** What is needed **
Among the entries below, one stretch runs from the line that contains "菜单功能包括游戏的重新开始,暂停,退出等" through the line that contains "Good for Enterprise Good". Repeat that stretch exactly, ends included, and only that.

** Dataset **
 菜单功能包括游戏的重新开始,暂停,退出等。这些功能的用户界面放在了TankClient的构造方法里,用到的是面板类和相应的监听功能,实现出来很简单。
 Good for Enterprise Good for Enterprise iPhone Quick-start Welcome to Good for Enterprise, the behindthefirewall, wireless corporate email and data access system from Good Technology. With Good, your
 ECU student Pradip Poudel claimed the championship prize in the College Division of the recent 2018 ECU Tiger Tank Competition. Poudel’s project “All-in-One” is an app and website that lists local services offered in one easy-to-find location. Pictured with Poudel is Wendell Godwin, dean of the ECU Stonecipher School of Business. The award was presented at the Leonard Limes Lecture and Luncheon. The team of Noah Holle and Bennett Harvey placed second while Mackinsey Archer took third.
--
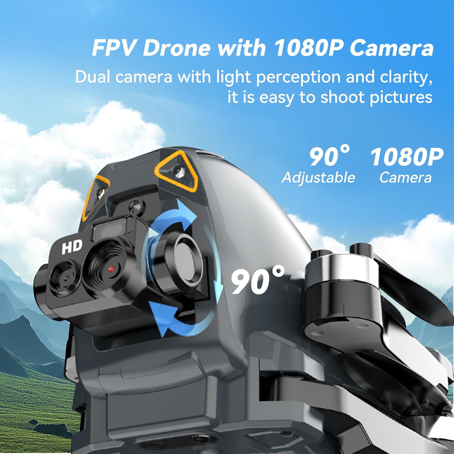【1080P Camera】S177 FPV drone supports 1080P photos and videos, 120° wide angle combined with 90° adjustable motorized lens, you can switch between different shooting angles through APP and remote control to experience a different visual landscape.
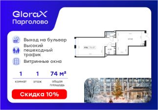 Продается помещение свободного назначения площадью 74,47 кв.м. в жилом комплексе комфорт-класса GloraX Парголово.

** Solution to the problem **
 菜单功能包括游戏的重新开始,暂停,退出等。这些功能的用户界面放在了TankClient的构造方法里,用到的是面板类和相应的监听功能,实现出来很简单。
 Good for Enterprise Good for Enterprise iPhone Quick-start Welcome to Good for Enterprise, the behindthefirewall, wireless corporate email and data access system from Good Technology. With Good, your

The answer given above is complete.